BEGIN

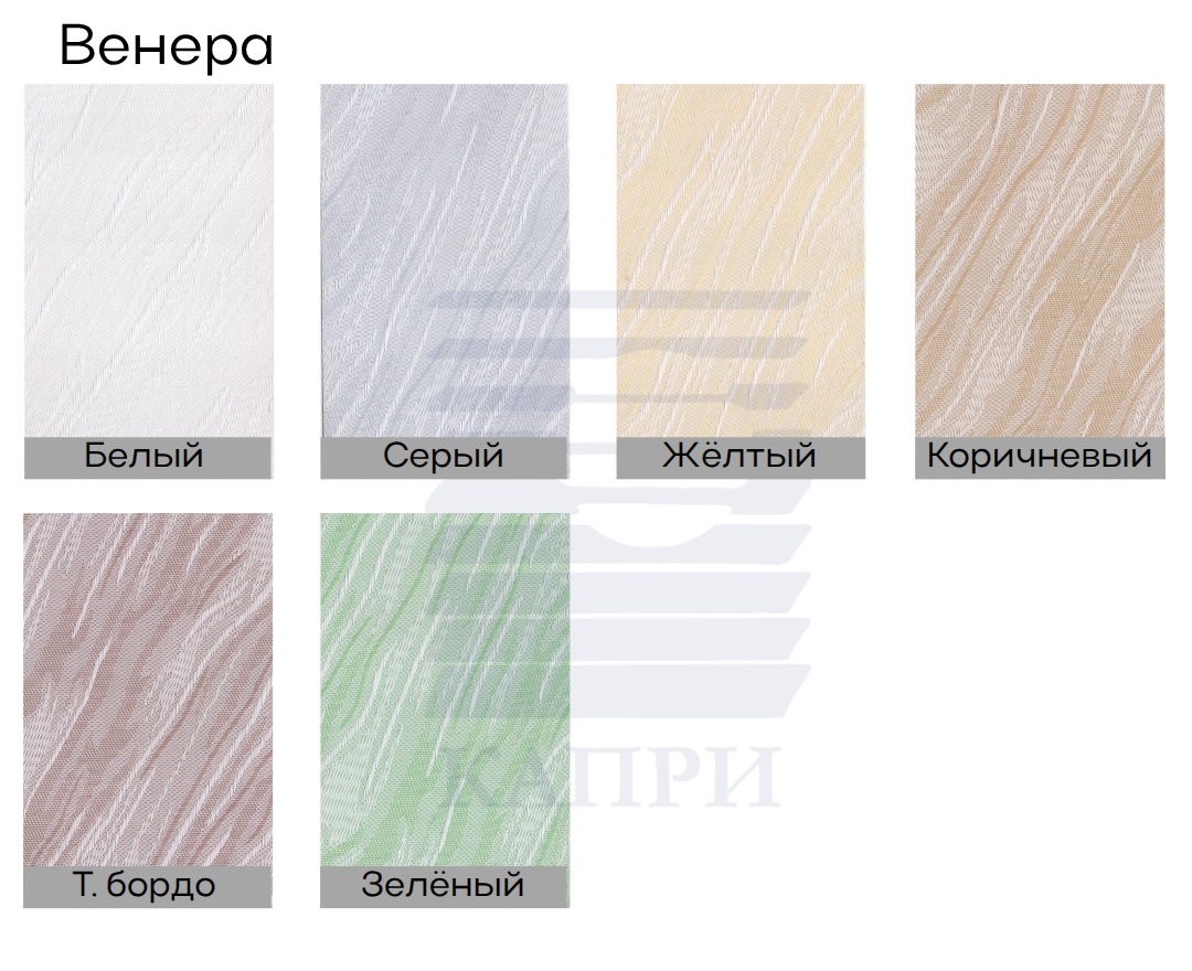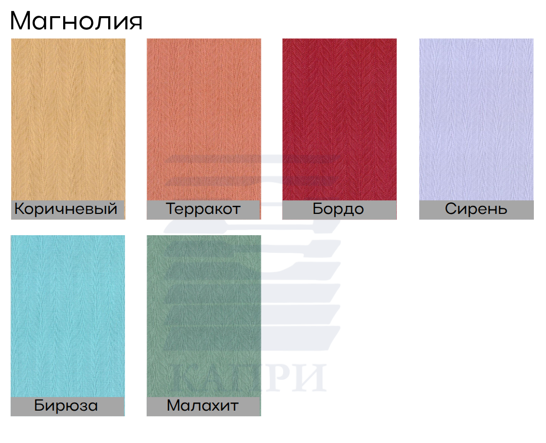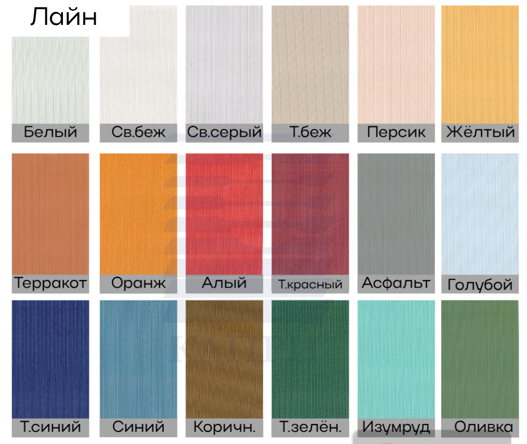 | Ламели (полотна) | Вертикальные полосы. Ширина 89 мм . Выполнены из ткани, пластика или алюминия. Ткань можно использовать полузатемняющую или BLACKOUT (с прорезиненным слоем с изнаночной стороны). |
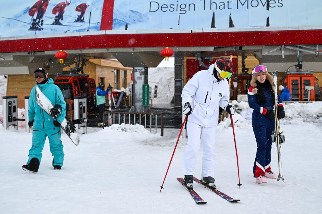 2024年3月8日,游客在位於禾木村的吉克普林國際滑雪度假區準備滑雪。新華社記者陳朔 攝
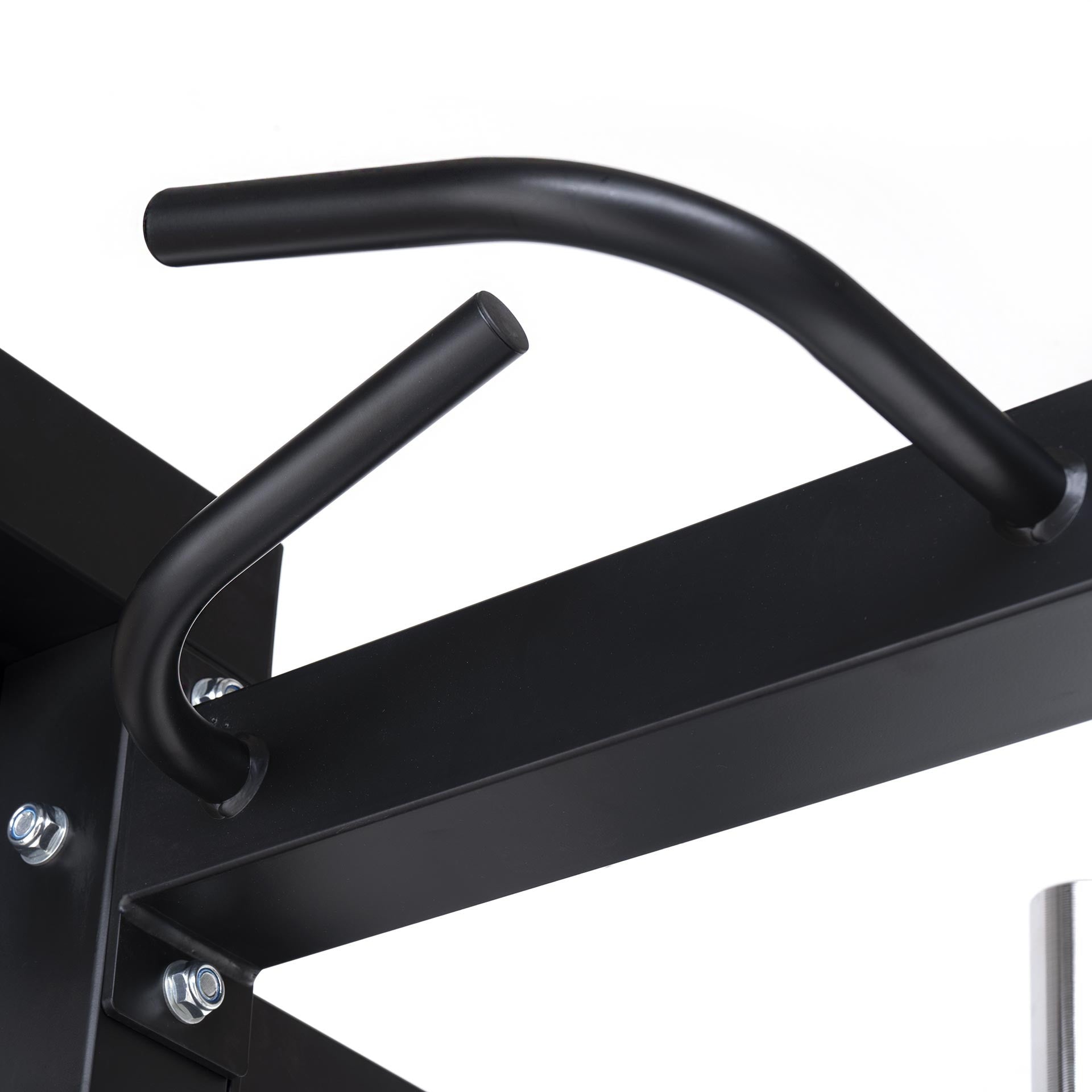 - Caratteristiche Struttura 75x75x3 mm. 35 fori per montante. 2 supporti bilanciere con protezione UHMW. 2 safety bar con protezione UHMW. 2 ganci superiori per band per lato. 3 perni inferiori per band per lato. 1 perno superiore per band per lato. 10 portadischi laterali. Doppia presa per trazioni. 2 porta biliancieri.
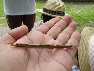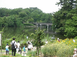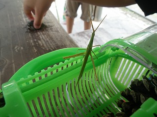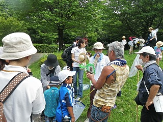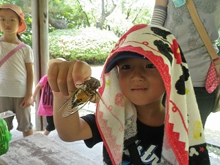 ぎらぎらお日様と競争するように鳴くクマゼミ、アブラゼミたち。初めのうちは、セミの抜け殻をうれしそうにとって大事そうに虫かごに入れていたのに、だんだんそれも飽きる頃になってバッタやチョウを見つけタモを振り回します。かごの中で、食べるー食べられるのバトルを目にする機会にも恵まれました。日陰で水分補給を忘れないようにしながら、真っ黄色にほほえむひまわりの周りを通って水辺にくるとトンボ銀座。ウチワヤンマやコシアキトンボが人間を観察するかのようにすいすい周りを飛び回りますが、子どもたちではなかなか捕まりません。指導員たちが採ったのを虫かごに入れるよう差し出すと、はじめは無造作に羽をつかんでいたのに羽を痛めない安全な捕まえ方を教わるとそれをまねて、一差し指と中指でそっと羽を挟んでかごに入れます。セミの雄がブラジャーをしているといった話に耳を傾け、セミ博士になった子も。人気のカブトやクワガタは見つかりませんでしたが、親子で熱心に虫をつかみ、じっくりと眺めている姿にゲーム以上のおもしろさをつかんでほしいと思ったのは私だけだったでしょうか。気持ちいい汗を流しながら、親さんも子供達も一生懸命で楽しい観察会でした。

END

WHAT THE EXERCISE ASKS:
Return the material as it stands. Leave out the pictures.

WRITTEN REPLY:
 | Ламели (полотна) | Вертикальные полосы. Ширина 89 мм . Выполнены из ткани, пластика или алюминия. Ткань можно использовать полузатемняющую или BLACKOUT (с прорезиненным слоем с изнаночной стороны). |
 2024年3月8日,游客在位於禾木村的吉克普林國際滑雪度假區準備滑雪。新華社記者陳朔 攝
 - Caratteristiche Struttura 75x75x3 mm. 35 fori per montante. 2 supporti bilanciere con protezione UHMW. 2 safety bar con protezione UHMW. 2 ganci superiori per band per lato. 3 perni inferiori per band per lato. 1 perno superiore per band per lato. 10 portadischi laterali. Doppia presa per trazioni. 2 porta biliancieri.
 ぎらぎらお日様と競争するように鳴くクマゼミ、アブラゼミたち。初めのうちは、セミの抜け殻をうれしそうにとって大事そうに虫かごに入れていたのに、だんだんそれも飽きる頃になってバッタやチョウを見つけタモを振り回します。かごの中で、食べるー食べられるのバトルを目にする機会にも恵まれました。日陰で水分補給を忘れないようにしながら、真っ黄色にほほえむひまわりの周りを通って水辺にくるとトンボ銀座。ウチワヤンマやコシアキトンボが人間を観察するかのようにすいすい周りを飛び回りますが、子どもたちではなかなか捕まりません。指導員たちが採ったのを虫かごに入れるよう差し出すと、はじめは無造作に羽をつかんでいたのに羽を痛めない安全な捕まえ方を教わるとそれをまねて、一差し指と中指でそっと羽を挟んでかごに入れます。セミの雄がブラジャーをしているといった話に耳を傾け、セミ博士になった子も。人気のカブトやクワガタは見つかりませんでしたが、親子で熱心に虫をつかみ、じっくりと眺めている姿にゲーム以上のおもしろさをつかんでほしいと思ったのは私だけだったでしょうか。気持ちいい汗を流しながら、親さんも子供達も一生懸命で楽しい観察会でした。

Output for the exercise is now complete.